◆ **TASK ITEM**:
Write out the listing exactly, from its first line through the line holding "Figure 1: AI", but include none of the pictures.

◆ **DATA PROVIDED**:
━━━━━━━━━━━━━━━━━━━━

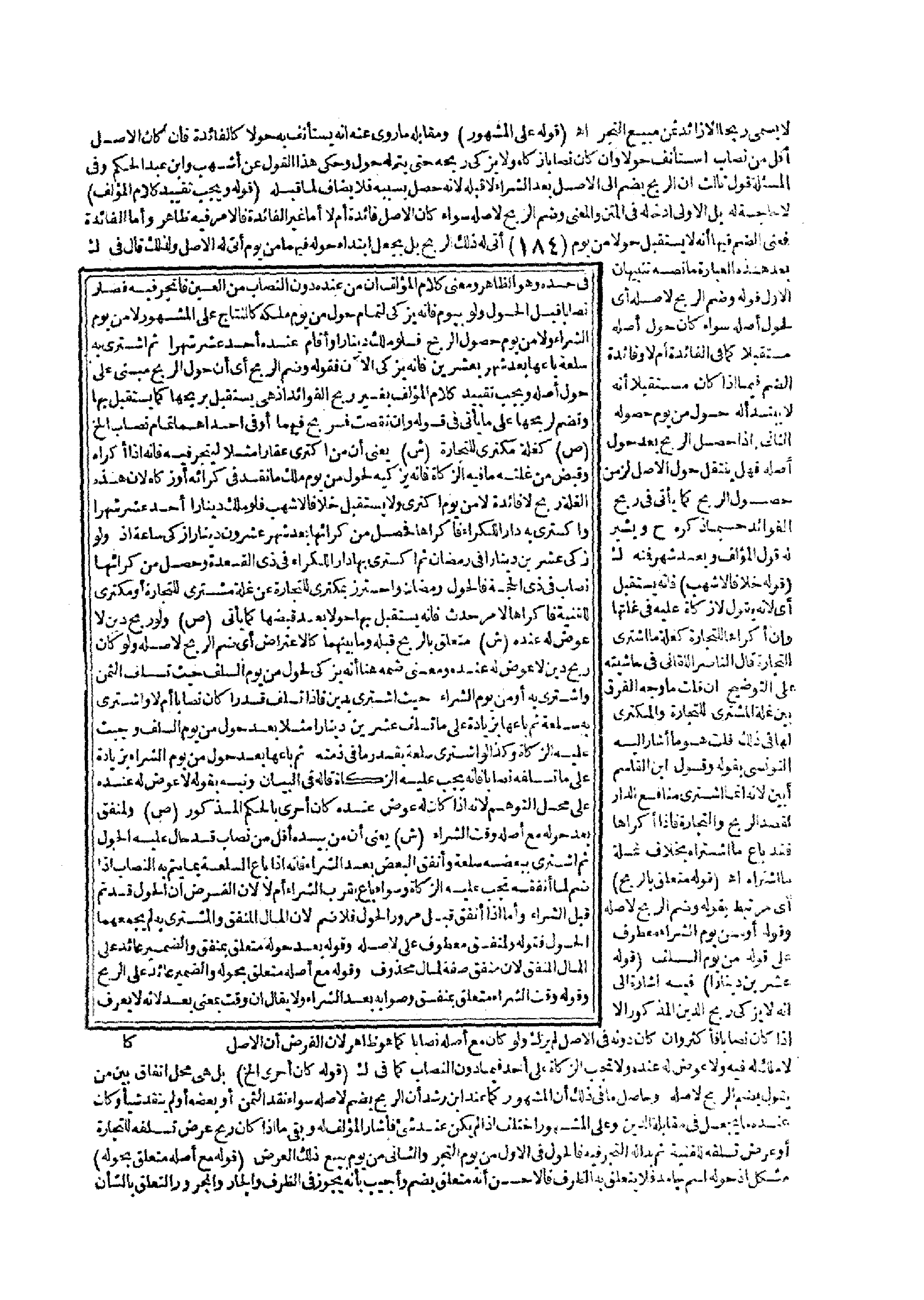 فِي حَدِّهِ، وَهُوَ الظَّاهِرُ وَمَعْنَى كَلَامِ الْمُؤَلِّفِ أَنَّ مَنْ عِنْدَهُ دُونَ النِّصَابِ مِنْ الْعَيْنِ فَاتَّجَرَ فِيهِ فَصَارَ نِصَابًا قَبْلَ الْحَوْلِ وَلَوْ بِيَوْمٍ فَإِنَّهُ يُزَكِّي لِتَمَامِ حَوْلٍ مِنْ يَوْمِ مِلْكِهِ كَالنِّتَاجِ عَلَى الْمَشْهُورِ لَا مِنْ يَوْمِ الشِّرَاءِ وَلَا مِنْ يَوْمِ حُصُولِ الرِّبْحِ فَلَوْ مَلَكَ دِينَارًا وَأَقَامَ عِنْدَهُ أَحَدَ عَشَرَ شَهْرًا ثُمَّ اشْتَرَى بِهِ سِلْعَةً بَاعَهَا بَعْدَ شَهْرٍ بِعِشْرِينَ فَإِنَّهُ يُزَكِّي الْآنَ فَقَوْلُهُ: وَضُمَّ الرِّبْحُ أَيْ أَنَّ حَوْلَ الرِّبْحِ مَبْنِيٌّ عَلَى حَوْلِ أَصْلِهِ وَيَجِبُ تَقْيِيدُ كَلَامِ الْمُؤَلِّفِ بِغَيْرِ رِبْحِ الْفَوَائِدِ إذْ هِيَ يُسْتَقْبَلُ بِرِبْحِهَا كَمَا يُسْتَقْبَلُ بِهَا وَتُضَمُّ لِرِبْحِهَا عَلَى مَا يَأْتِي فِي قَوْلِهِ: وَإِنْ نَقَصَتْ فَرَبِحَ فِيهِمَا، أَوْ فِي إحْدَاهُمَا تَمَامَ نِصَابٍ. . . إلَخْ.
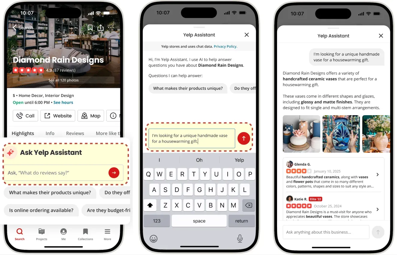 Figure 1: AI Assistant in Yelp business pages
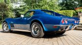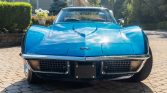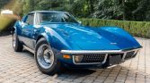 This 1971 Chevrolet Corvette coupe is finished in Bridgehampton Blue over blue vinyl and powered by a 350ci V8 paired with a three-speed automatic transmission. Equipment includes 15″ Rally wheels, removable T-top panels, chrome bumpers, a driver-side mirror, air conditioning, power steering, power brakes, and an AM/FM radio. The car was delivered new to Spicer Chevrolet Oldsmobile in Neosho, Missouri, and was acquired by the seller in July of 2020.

━━━━━━━━━━━━━━━━━━━━

◆ **RESULT FOR THIS TASK**:
 فِي حَدِّهِ، وَهُوَ الظَّاهِرُ وَمَعْنَى كَلَامِ الْمُؤَلِّفِ أَنَّ مَنْ عِنْدَهُ دُونَ النِّصَابِ مِنْ الْعَيْنِ فَاتَّجَرَ فِيهِ فَصَارَ نِصَابًا قَبْلَ الْحَوْلِ وَلَوْ بِيَوْمٍ فَإِنَّهُ يُزَكِّي لِتَمَامِ حَوْلٍ مِنْ يَوْمِ مِلْكِهِ كَالنِّتَاجِ عَلَى الْمَشْهُورِ لَا مِنْ يَوْمِ الشِّرَاءِ وَلَا مِنْ يَوْمِ حُصُولِ الرِّبْحِ فَلَوْ مَلَكَ دِينَارًا وَأَقَامَ عِنْدَهُ أَحَدَ عَشَرَ شَهْرًا ثُمَّ اشْتَرَى بِهِ سِلْعَةً بَاعَهَا بَعْدَ شَهْرٍ بِعِشْرِينَ فَإِنَّهُ يُزَكِّي الْآنَ فَقَوْلُهُ: وَضُمَّ الرِّبْحُ أَيْ أَنَّ حَوْلَ الرِّبْحِ مَبْنِيٌّ عَلَى حَوْلِ أَصْلِهِ وَيَجِبُ تَقْيِيدُ كَلَامِ الْمُؤَلِّفِ بِغَيْرِ رِبْحِ الْفَوَائِدِ إذْ هِيَ يُسْتَقْبَلُ بِرِبْحِهَا كَمَا يُسْتَقْبَلُ بِهَا وَتُضَمُّ لِرِبْحِهَا عَلَى مَا يَأْتِي فِي قَوْلِهِ: وَإِنْ نَقَصَتْ فَرَبِحَ فِيهِمَا، أَوْ فِي إحْدَاهُمَا تَمَامَ نِصَابٍ. . . إلَخْ.
 Figure 1: AI Assistant in Yelp business pages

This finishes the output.